Я скрипнула зубами. Гарри отодвинулся на скамье, толкая друзей за собой.

– Ничего. Спасибо… большое… за тревоги, но я нормально его построила. А что у тебя?

Намеки.

– Закончила, – Гретхен указала на конец стола, где стояло поместье из бревен. Я сверилась с часами на стене, подозревая, что как–то прошли семьдесят два часа, а не три. Нет. Еще и двух часов не прошло, и я собиралась взять два длинных кусочка этого конструктора и выколоть себе глаза. – А вот, что будет, если потрясти стол, – Гретхен схватилась за край стола, толкнула его. Немного, но этого хватило.

Мой домик развалился.

– Видите, о чем я? Если фундамент неправильный, то стоит начать сначала, – она пожала плечами, посмотрела на меня с сочувствием и жалостью, а потом пошла дальше.

Я схватила основание своего домика, бросила его на пол, оттолкнула скамью. Головы поворачивались ко мне, все забывали про постройку домов.

– Я сейчас вернусь, – сообщила я группе, но никто не смотрел в глаза.

Я прошла по столовой, ворвалась на кухню и не замерла, пока не постучала в дверь Бена. Я не могла терпеть. Если я так проведу последние две недели в лагере, он мог меня увольнять.

Поделки будут в моих кошмарах до конца жизни после этого лета.

– Войдите, – крикнул Бен.

Я уже открывала дверь.

– Финикс? – он был удивлен. – Разве ты не ведешь сейчас «Бревна Линкольна»?

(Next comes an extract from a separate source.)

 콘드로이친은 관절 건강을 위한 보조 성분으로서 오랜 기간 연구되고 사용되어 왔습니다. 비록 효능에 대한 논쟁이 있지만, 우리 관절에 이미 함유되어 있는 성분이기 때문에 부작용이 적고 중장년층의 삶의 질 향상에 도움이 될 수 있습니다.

– Потому я и здесь, – я стала расхаживать перед его столом. – Я не могу больше.

Бен отклонился в кресле и убрал руки за голову, словно расслаблялся. Хоть кто–то.

– Что не можешь?

– Вести дурацкие кружки поделок. Каждый день.

Если Бен удивился моим словам, то не показал этого. Он медленно повернулся.

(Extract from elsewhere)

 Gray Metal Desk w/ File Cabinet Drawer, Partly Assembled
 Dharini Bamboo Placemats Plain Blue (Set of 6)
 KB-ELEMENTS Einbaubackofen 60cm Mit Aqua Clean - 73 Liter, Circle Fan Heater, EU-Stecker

– Я думал, тебе нравилось.

Мои глаза стали как блюдца.

– Кто это сказал? Или вы приняли меня за мазохиста?

Бен не ответил, покружился еще в кресле.

– Я так понимаю, ты рассказываешь мне об этом, чтобы я что–то с этим сделал?

Я вытерла руки о футболку. Я так злилась, что руки вспотели. Гадко.

– Да, но, если вы не можете, скажите сразу, чтобы я знала, что хоть пыталась.

Бен улыбнулся столу.

– Не потерпишь еще две недели?

Я вздохнула. Оставалось лишь две недели лета.

– Так мне творить дурацкие поделки до конца лета? Если уволите, я не буду переживать.

– Ты дала повод тебя уволить? – Бен сцепил ладони перед собой. – Потому что нынче нужна хорошая причина для увольнения. Иначе будут проблемы с законом.

Я думала об этом. Но не долго. Я сделала достаточно, чтобы меня уволили. Я только что бросила кружок.

– Выбирайте. Если есть способ сделать это сразу, у меня есть шансы.

Бен скривился.

– Так мы учимся. Мы не можем сразу сделать все правильно.

– Так вы снимете меня с поделок? – я остановилась перед его столом, не могла прочесть его лицо. Он мог испытывать нирвану, но мог и злиться. С Беном было сложно понять. – Или уволите меня?

Бен улыбнулся беспорядку на столе.

– Ты выражала свое недовольство Кэлламу?

Многие в лагере знали, что мы с Кэлламом были вместе. Не из–за того, что мы открыли это, а потому что Этан не мог молчать, скотча надолго не хватило. Бен знал о нас, потому что Кэллам сказал ему. Он не хотел, чтобы Бен думал, что мы делали это за его спиной.

– Да, каждый день, – ответила я. Кэллам терпел мои жалобы и скуление.

И улыбка Бена увяла, он нахмурился.

– Что? – я подошла ближе. – Что такое?

– Я ценю то, что ты сообщила это, ведь я хочу знать, когда мои работники несчастны, но, боюсь, ты пошла не туда, если надеешься, чтобы тебе изменили расписание, – Бен посмотрел на меня, увидел вопрос на моем лице. – Не я делаю расписание вожатых, – я не дышала, уже знала ответ раньше, чем он его произнес. – А Кэллам.